Hi
Trying to parse an XML to get the information from multiple rows, however when running the XPath on the XML it only brings back the first 100. There should more than 400 rows - so I know something it is cutting it off. Any way to bring through all the rows? MY XPath settings are below (node, the result count here shows 0 but this was part of a loop - the other one showed 400 resultcount)
Thanks!
Hi @supersharp,
Actually, I think it is not that easy to find out what the problem is, regarding the provided information.
Here I just try to answer regarding what I sense, if I’m getting it wrong, please provide more info or an example.
If it is a web page content in which it is said 400 items has been found, maybe the reason for getting only 100 items is that the other results in the page are not available on page load. For example they appear by scrolling down or clicking some “show more” link.
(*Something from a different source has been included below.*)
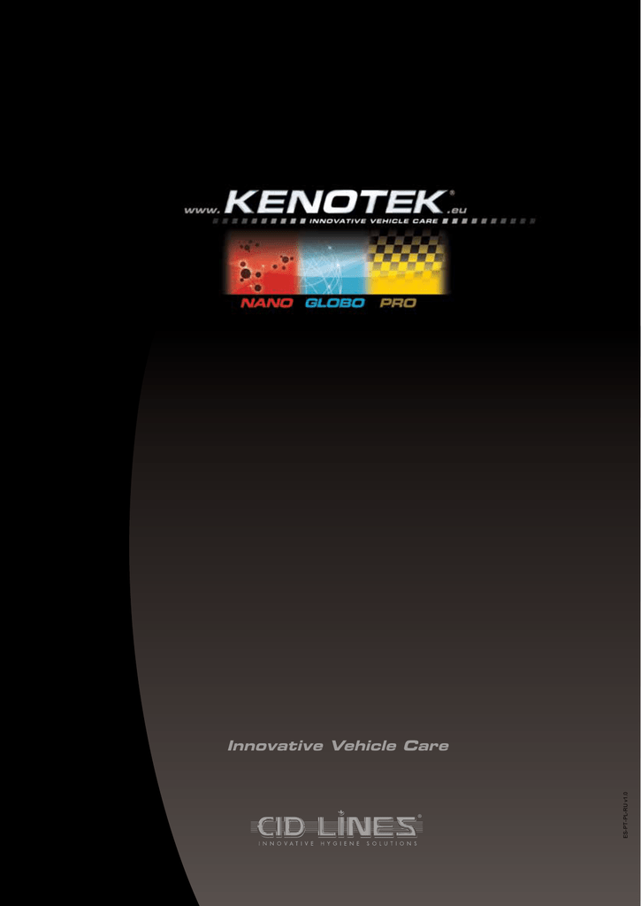 ES-PT-PL-RU v1.0 Innovative Innovative Vehicle Vehicle Care Care ES CID LINES es fabricante y proveedor a nivel mundial de una completa gama de productos de limpieza, cuidado y desinfección para el transporte e industrias agropecuarias y alimentarias. En nuestros laboratorios profesionales, ingenieros y químicos especializados trabajan para un continuo desarrollo de productos y soluciones a la medida de sus necesidades específicas de higiene. Para ello, en todos los procesos se aplican las más estrictas normas de calidad – como ISO 9001:2000 o GMP-farma -. Desde sus comienzos en 1988, CID LINES ha experimentado un espectacular crecimiento, abriéndose, durante ese tiempo, filiales en Francia, Polonia y España. CID LINES exporta actualmente sus productos a más de 70 países y a todos los continentes. Este reconocimiento a nivel mundial es también su garantía de calidad y rentabilidad. n PT CID LINES é fabricante e fornecedor a nível mundial de uma gama completa de detergentes e desinfectantes para transportes e veículos, indústrias agro-alimentares e agro-pecuárias. Os nossos químicos e engenheiros especializados trabalham e pesquisam nos nossos laboratórios para uma melhoria contínua dos nossos produtos e soluções à medida das suas necessidades específicas. Em todos os processos, normas estritas de controlo de qualidade - como a certificação de produção ISO 9001:2000 e GMP-Pharma - são aplicadas. n PL CID LINES jest producentem i dostawcą kompleksowych linii środków myjących, dezynfekujących i pielęgnujących do przemysłu spożywczego, rolniczego i transportowego. Wykwalifikowani chemicy i inżynierowie pracują w naszych profesjonalnych laboratoriach i nieustannie udoskonalają nasze produkty, które są dostosowywane do potrzeb odbiorców. Dlatego spełniamy najwyższe normy jakości jak ISO 9001:2000 oraz GMP-Pharma. Od powstania firmy, tj. od 1988 roku, firma CID LINES nieustannie się rozwija. Otworzyliśmy swoje oddziały we Francji i w Polsce. CID LINES eksportuje swoje produkty do ponad 70 krajów na całym świecie. Nasza marka jest rozpoznawana na wszystkich kontynentach i fakt ten jest gwarancją jakości naszych produktów i zysku. n RU CID LINES является производителем и поставщиком широкого спетра продукции для глубокой очистки, ухода и дезинфекции для транспортной, пищевой и сельскохозяйственной промышленности. Для постоянного улучшения качества продукции, изготовленной именно для ваших нужд по уборке, в наших профессиональных лабораториях работают отлично обученные химики и инженеры. Компания CID LINES стремительно развивается с момента начала своей деятельности в 1988 году. Тем временем, во Франции, Польше и Испании были открыты дочерние компании. CID LINES поставляет свою продукцию в более 70 стран на всех континентах. Это всемирное признание также является гарантией качества и результата. 2 4 6 • prelavado / pré-lavagem / mycie wstępne / П редварительная мойка ......... 6 detergentes alcalinos - detergentes alcalinos - preparaty zasadowe - Щелочные моющие средства ................... 6 ácidos - ácidos - preparaty kwaśne - Кислотные моющие средства ........................................................................................................... 8 • lavado / lavagem / mycie zasadnicze / М ойка ........................................................................................ 10 productos neutros - produtos neutros - preparaty neutralne - Нейтральные моющие средства .................................... 10 ácidos - ácidos - preparaty kwaśne - Кислотные моющие средства ..........................................................................................................11 • agentes secantes y ceras / secantes (hidrofobantes) e ceras woskowanie i osuszanie / В ысушивающие средства и воски .......................... 12 agentes secantes - agentes de secagem (hidrofobantes) - preparaty woskujące - Высушивающие средства . . 12 ceras - ceras - preparaty suszące - Воски ......................................................................................................................................................................... 13 14 • tratamiento del agua / tratamento de água recykling wody / П одготовка воды reciclado de agua - reciclagem de água - preparaty do recyklingu wody - Переработка воды ............................. 14 • productos diversos / produtos diversos dodatkowe produkty / Разное garaje e industrias - garagem e indústrias - preparaty dla serwisów i warsztatów - гаражей и промышленности .16 19 LIN ID VE HYG S TI VA • Д ля получения информации о наличии продукции свяжитесь с вашим дистрибьютором . INNO • Aby uz ysk ać więcej informac ji S prawdź dostępność produk tów, pros zę skontak tować się z dys trybutorem. ISO 9001 GMP S • Para mais informação acerca da disponibilidade de produtos, por favor contacte o seu dis tribuidor. E • Para más información sobre l a disponibilidad de otros productos, consulte a su dis tribuidor. TI ON ..............................................................................................................

If this is the case, let me know and I will provide you with the solution.
Good catch, it appears to span multiple pages!
So you need to get each page separately. Try it and feel free to come back with any other questions.
Hi eveyone,
I actually have a similar issue. For me there is a button that says “show more” and if clicked adds more entries to the page and increases the URL by 1 “https://jobs.philips.com/jobs/#1”. So when I originally got info from the page without the increasing URL ID, I would always get the first 30 entries. I then changed it so that I provide the URLs with IDs from 1 to 10, just to check if that works. However, still each URL gets the first 30 results.Web_Extraction_Test.knwf (17.9 KB)
Is there a way I can fix that?
The workflow is attached.
Thank you!
Hi @Siemru and welcome to the KNIME forum,
In your case, pagination is event based so you cannot catch all results using HTTP or Webpage Retriever nodes (or the Get Request node).
You can get 60 results at most. First 30 results appear as “direct” class and the next 30 results exist as “hidden” class but you can catch them (as shown in the example workflow).
To be able to get all results (1044), you need Selenium nodes (as demonstrated in the workflow).
Web_Extraction_Test.knwf (2.6 MB)
Thanks for the quick reply @armingrudd!
Works fine
This topic was automatically closed 182 days after the last reply. New replies are no longer allowed.